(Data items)

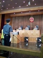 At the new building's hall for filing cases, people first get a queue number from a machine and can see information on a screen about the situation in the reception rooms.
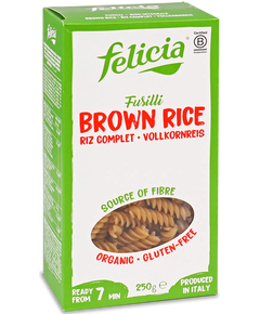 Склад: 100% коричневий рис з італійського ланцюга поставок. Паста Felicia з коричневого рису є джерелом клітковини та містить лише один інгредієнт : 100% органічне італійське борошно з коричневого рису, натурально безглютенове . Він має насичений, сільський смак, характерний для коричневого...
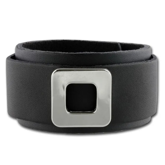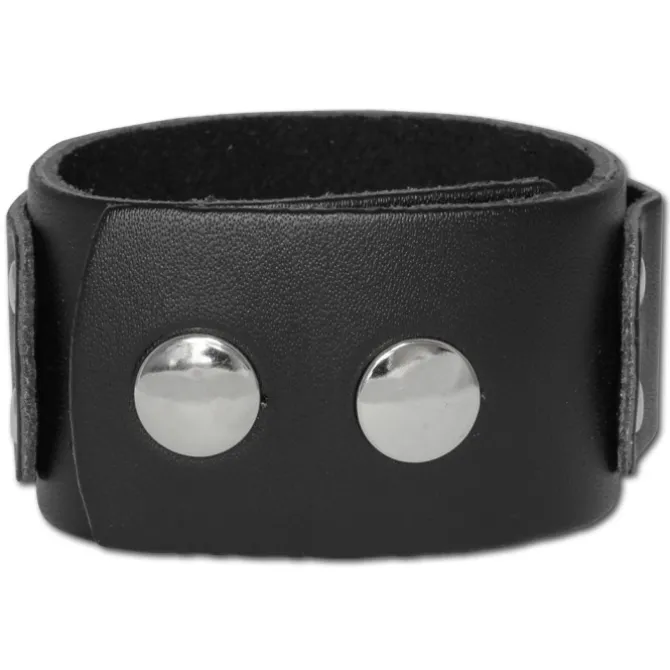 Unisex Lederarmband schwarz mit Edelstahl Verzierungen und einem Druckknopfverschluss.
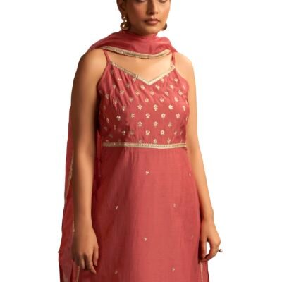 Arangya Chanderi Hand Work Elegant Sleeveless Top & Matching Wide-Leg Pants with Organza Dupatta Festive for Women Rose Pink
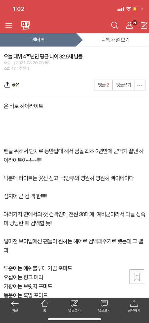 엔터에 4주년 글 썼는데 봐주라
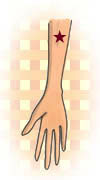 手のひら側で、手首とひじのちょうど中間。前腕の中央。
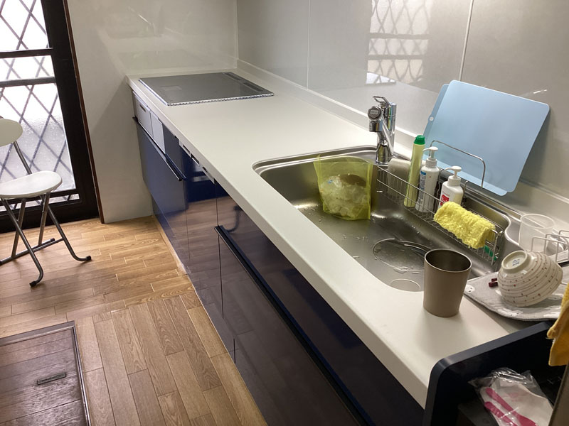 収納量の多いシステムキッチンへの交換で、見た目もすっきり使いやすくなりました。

* EXERCISE PROMPT
An exact reprint of the records above is required, with all pictures left out.

* RESULT OF THIS EXERCISE
 At the new building's hall for filing cases, people first get a queue number from a machine and can see information on a screen about the situation in the reception rooms.
 Склад: 100% коричневий рис з італійського ланцюга поставок. Паста Felicia з коричневого рису є джерелом клітковини та містить лише один інгредієнт : 100% органічне італійське борошно з коричневого рису, натурально безглютенове . Він має насичений, сільський смак, характерний для коричневого...
 Unisex Lederarmband schwarz mit Edelstahl Verzierungen und einem Druckknopfverschluss.
 Arangya Chanderi Hand Work Elegant Sleeveless Top & Matching Wide-Leg Pants with Organza Dupatta Festive for Women Rose Pink
 엔터에 4주년 글 썼는데 봐주라
 手のひら側で、手首とひじのちょうど中間。前腕の中央。
 収納量の多いシステムキッチンへの交換で、見た目もすっきり使いやすくなりました。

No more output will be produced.